Regia di Pablo Trapero vedi scheda film
Durante gli ultimi anni della dittatura militare, una rispettata famiglia argentina organizza sequestri milionari, con la compiacenza delle autorità e contando sulla fama del primogenito rugbista. A capo del clan c’è un patriarca icastico dagli occhi costantemente sbarrati, incapace di perdere la calma e divoratore di figli. Più che sul gruppo in sé, il film è innanzitutto la catabasi di un conflitto tra padre e figlio, un lento gioco al massacro del gelido e, a suo modo, premuroso genitore ai danni del sottomesso e, a poco a poco, rancoroso rampollo.

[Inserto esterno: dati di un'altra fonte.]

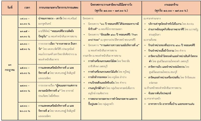 โดยงาน ๑๖๐ ปี พระนครคีรี จะจัดขึ้นระหว่างวันที่ 12-14 กรกฎาคม 2562 ซึ่งภายในงานจะมีกิจกรรมให้ร่วมสนุกมากมาย ดังนี้
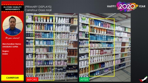 IN-STORE VISIBILITY (PRIMARY DISPLAYS) HAPPY YEAR IMPROVEMENTS Carrefour Oasis Mall At your service! Merchandiser Name: ANGELINO SAFRA Region: DUBAI CARREFOUR BEFORE AFTER

Non è semplicemente uno scontro generazionale ma un mancato discorso amoroso tra un uomo non in grado di concepire un mondo al di là del proprio (chiusura: lo Stato, la famiglia, la religione) e un ragazzo alle prese con la scoperta di un mondo altro rispetto al proprio (apertura: la Svezia, l’amore, il mare suggerito dal negozio di surf).

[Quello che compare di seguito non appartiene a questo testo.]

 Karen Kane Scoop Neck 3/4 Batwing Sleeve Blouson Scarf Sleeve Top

Eppure Il clan è qualcosa di più del tentativo di emancipazione filiale: è una parabola sulla violenza, certo, ma è anche la violenza di una parabola sull’impossibilità di uccidere il padre. Sul perturbante nel quotidiano e sul quotidiano perturbante di una messinscena che sa restituire il clima asfissiante di un regime fondato, va da sé, sul silenzio imposto alle vittime. Pur seguendo le dinamiche domestiche con carrelli ora lenti ora analitici, Pablo Trapero sa trasmettere una tensione allucinante, cavalca adagio senza perdere un momento il controllo della situazione, intuisce che la notte della democrazia non ha bisogno di luci tenebrose – se non nei pochi, determinanti esterni notturni comunque pieni da focolai – ma del bagliore opaco dei tinelli in cui accade l’indicibile.

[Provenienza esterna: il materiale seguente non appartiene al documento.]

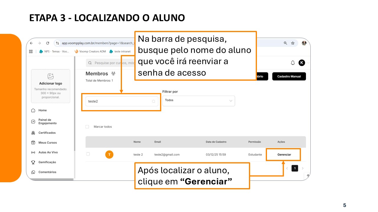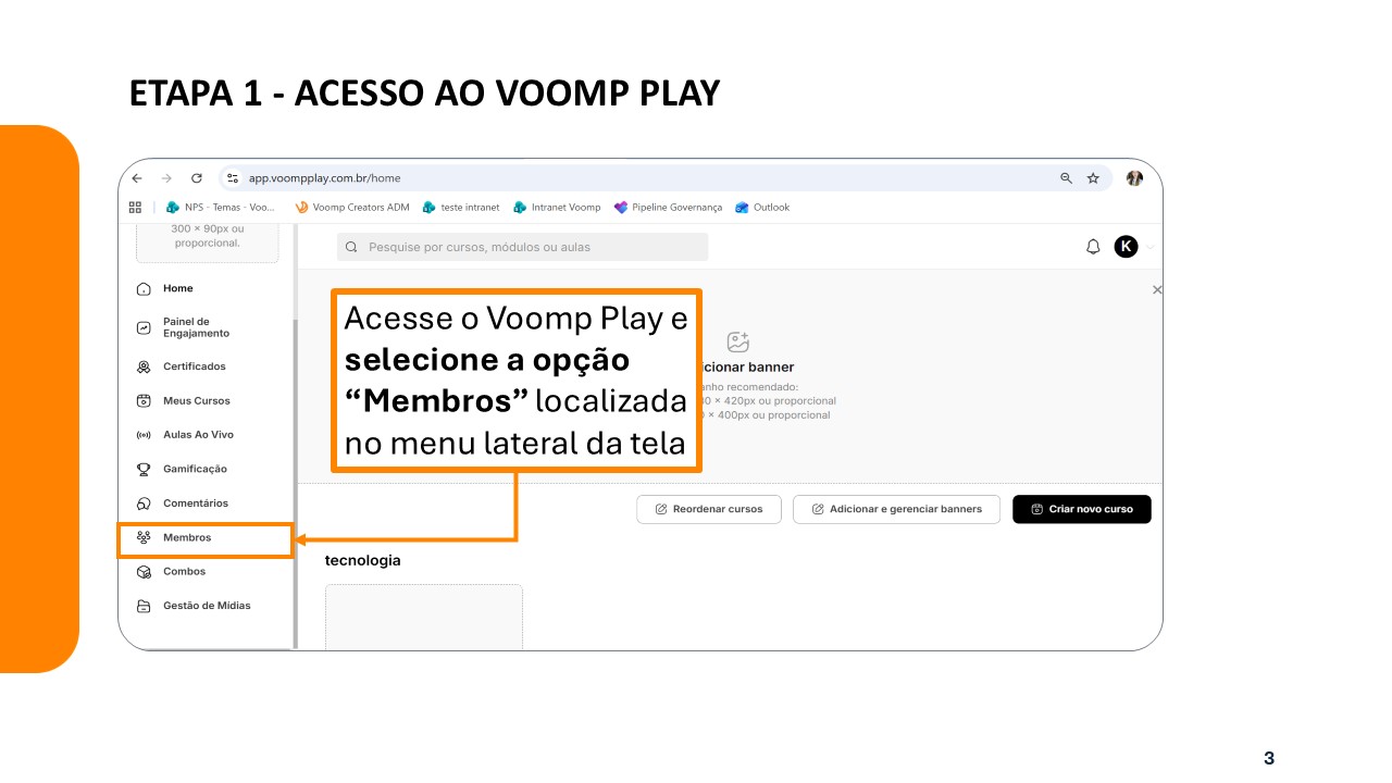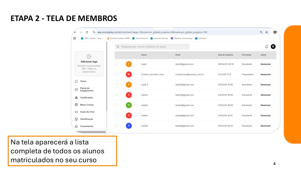 Link de acesso a tela de membros: https://app.voompplay.com.br/members

Anche il repertorio musicale non intende solo restituire un’epoca: è il musical nascosto dentro il noir, la quota di finzione che Trapero sa che deve pagare al cinema per non rendere Il clan un ordinario biopic di facile ricostruzione visiva. E tuttavia riesce pure a non relegarsi al genere perché opera all’interno dell’ingloriosa storia nazionale con la lucidità e il dolore che spesso soltanto il cinema sudamericano sa (ri)maneggiare con folgorante sapienza. Certo, è un film “classico” nonostante il notevole montaggio non lineare, con i pezzi che si ricompongono e gli attori in stato di grazia, su tutti Guillermo Francella di serafica potenza luciferina. E se è vero che un conto è una storia vera e un altro è una vera storia, Il clan è una vera storia tratta da una storia vera (sì, è un’incredibile storia vera).